次日,隔壁洞府。
许彻取出一张符籙,递给邹符师:“这张符籙乃是我偶然所得,卖家说是叫做绝灵符,还望邹符师帮我鑑別一二。”
这张符籙正是从岳明松那儿得到的绝灵符。
“好东西啊!。”
邹符师接过,来回翻看几眼,眉毛一挑:“的確是叫绝灵符没错,我看著应该是一阶中品的。”
“那这符籙有何功效?遏止法力吗?”
许彻再次发问,当时岳家哥俩对此符无比自信,估摸著效用应该不差。
“不错。”邹符师点点头:“这张一阶中品的,若是作用於中期修士,能压制七八成法力。若是用在初期修士,更是能彻底锁住全部法力,同凡人无异。”

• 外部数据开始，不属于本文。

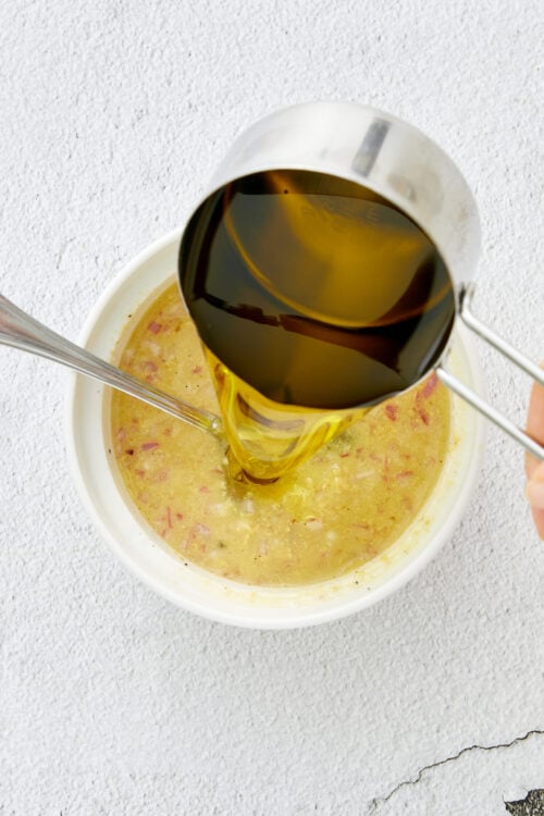 - Slowly drizzle in the extra-virgin olive oil while whisking continuously until the dressing is smooth and emulsified.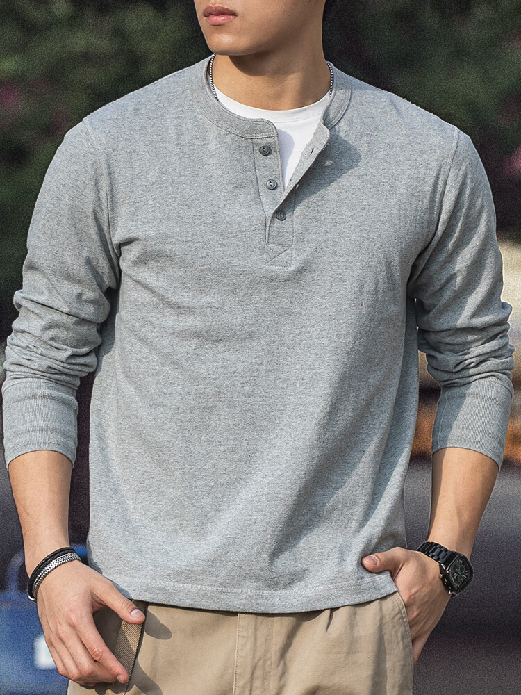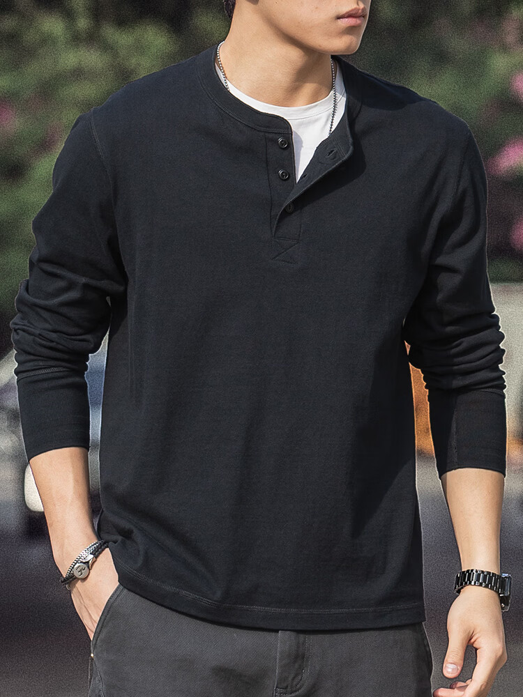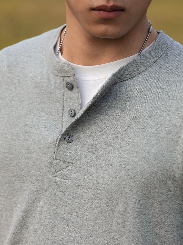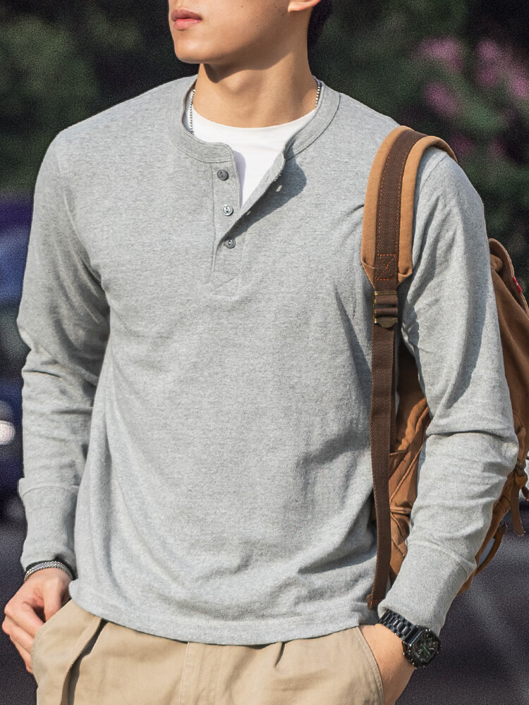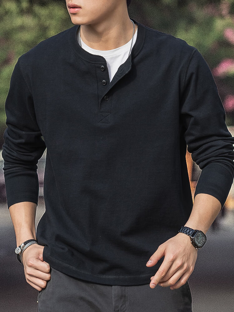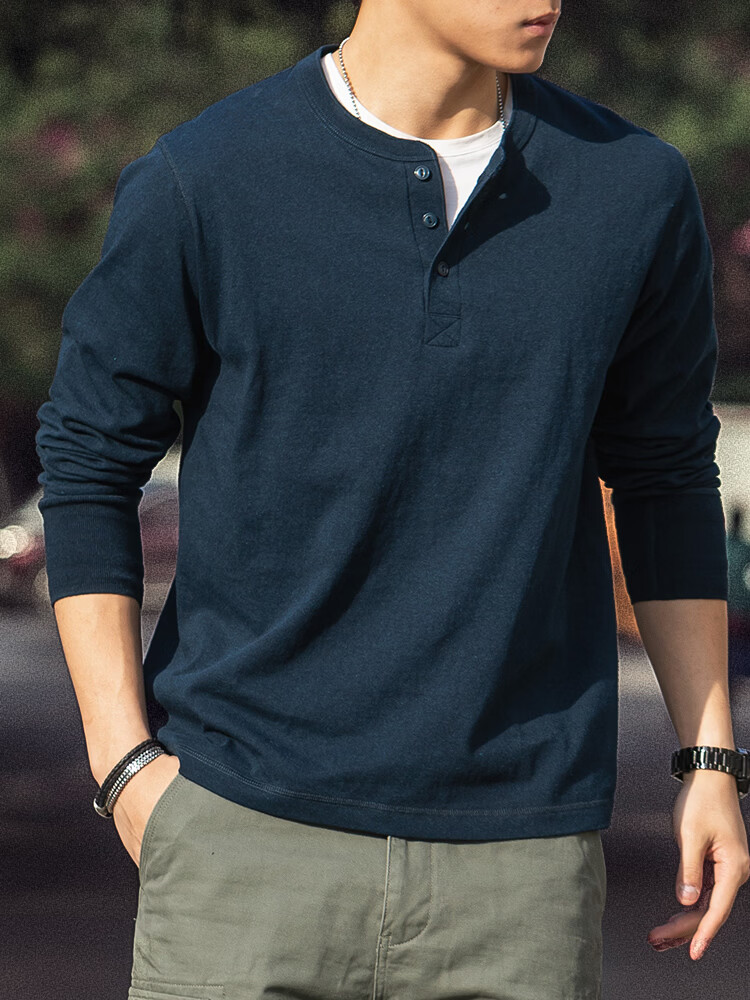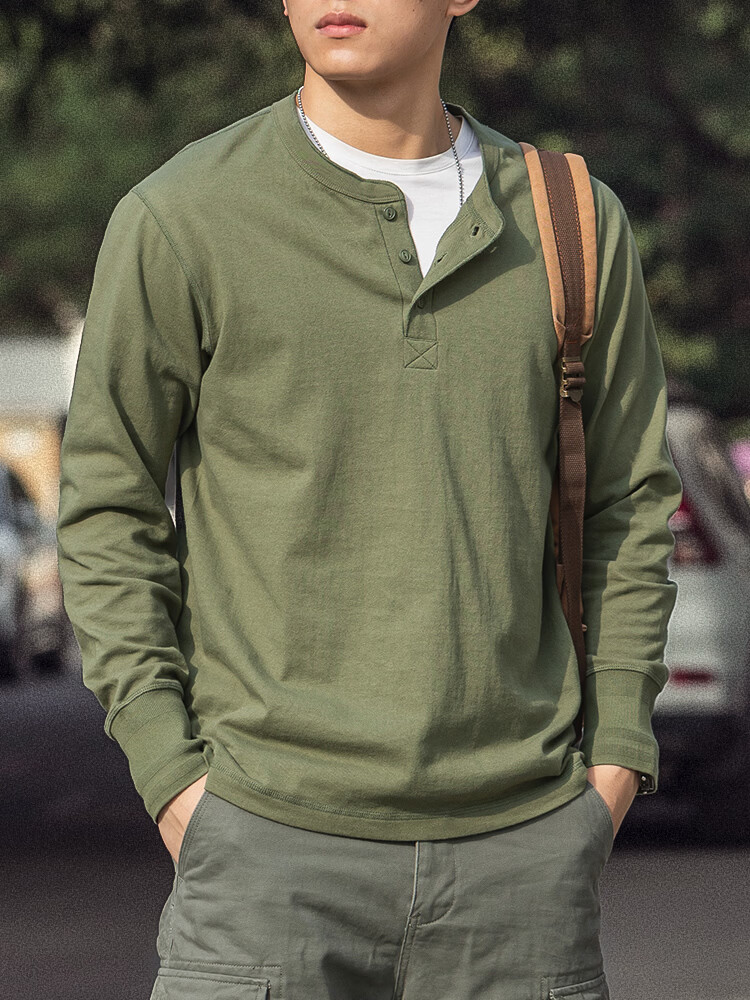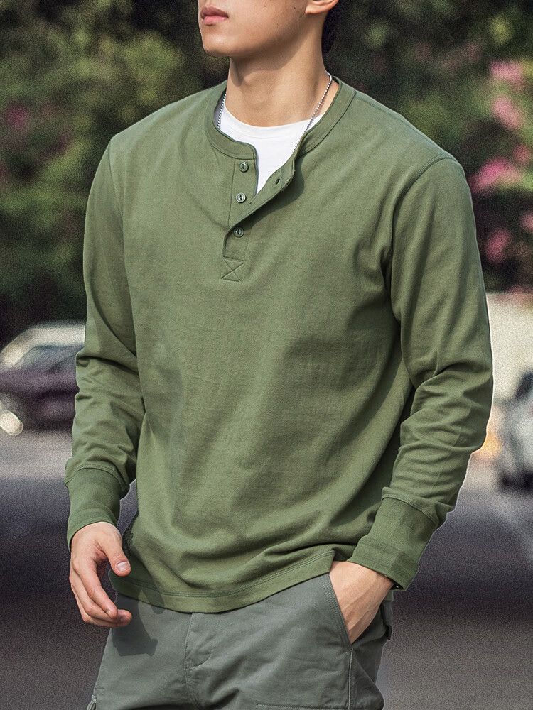 海行户外美式复古亨利衫长袖t恤男2025春季纯棉侧身无缝亨利领打底衫 军绿色 L (参考140-155斤)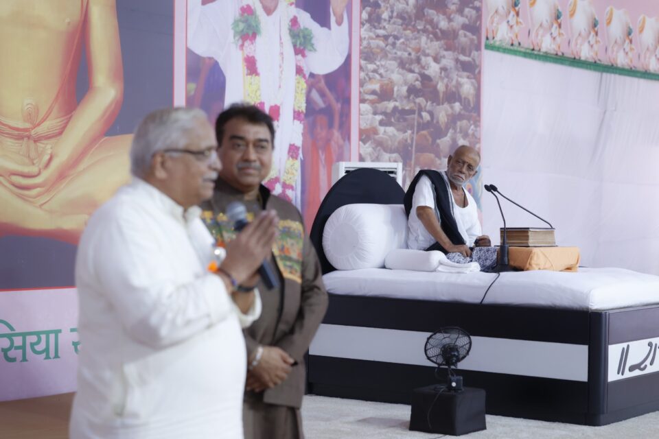 Welcoming the RSS leader to the gathering, Morari Bapu commended the organisation’s role in taking the message of Sanatan Dharma, the Vedic traditions, and the vast idea of Hindutva to the wider world.

他顿了顿,眼神有些火热:“这符籙的绘製技法已经失传,如今市面上极其少见。若是许道友愿意转手与我,价格好说!”
“转手就不必了。”
许彻摇摇头,既然已经確定这符籙效用非凡,他自然得留在身上,以备不时之需。
但也没把话说死:“不过,倒是可以借给邹符师把玩几日。”
“成!”
邹符师一口应下,然后掏出几张符籙,塞给许彻,见许彻想要推辞,假装板起脸:
“你可別拒绝!这绝灵符拿去市面上,少说也得卖个一二十块灵石。这几张符籙都是我自己画的,不值钱。”
“那也行,绝灵符就在此暂存一个月吧。”
许彻也不客气,收起符籙,转又问道:“邹符师长期在坊市里做买卖,可知道哪位锻器师名声最好?”
这次同岳家斗法,许彻也认识到自己手段有些单一。
况且,如今腰包有料——是时候把法器提上日程了。
“锻器,我想想……”邹符师沉吟一下,摸著胡茬道:“坊市里锻器一道有些凋零,许道友应该也有数?”
“嗯,据说一位上品锻器师都无?”
许彻点点头,大致情况他当然也了解。
玉盏坊市的根基,在於周边数百片耕种不息的灵田。
也正因如此,坊市中最昌盛红火的,是与灵田息息相关的炼丹、灵药行当。光是明面上的一阶上品的炼丹师,就有五位。
驻守此地的秦家筑基老祖,更是名副其实的二阶炼丹师。
相比之下,其他行当便显得逊色不少。符师与阵法师,均只有一两位一阶上品撑著门面。
至於炼器一道,则更是惨不忍睹,只有寥寥数位中品炼器师。
“到底哪位锻器师最好,这个各人有各人的看法。”
邹符师想了片刻,缓缓道:“生意做得最红火的,应该是钱顺才钱大师,不过我和他不太熟。”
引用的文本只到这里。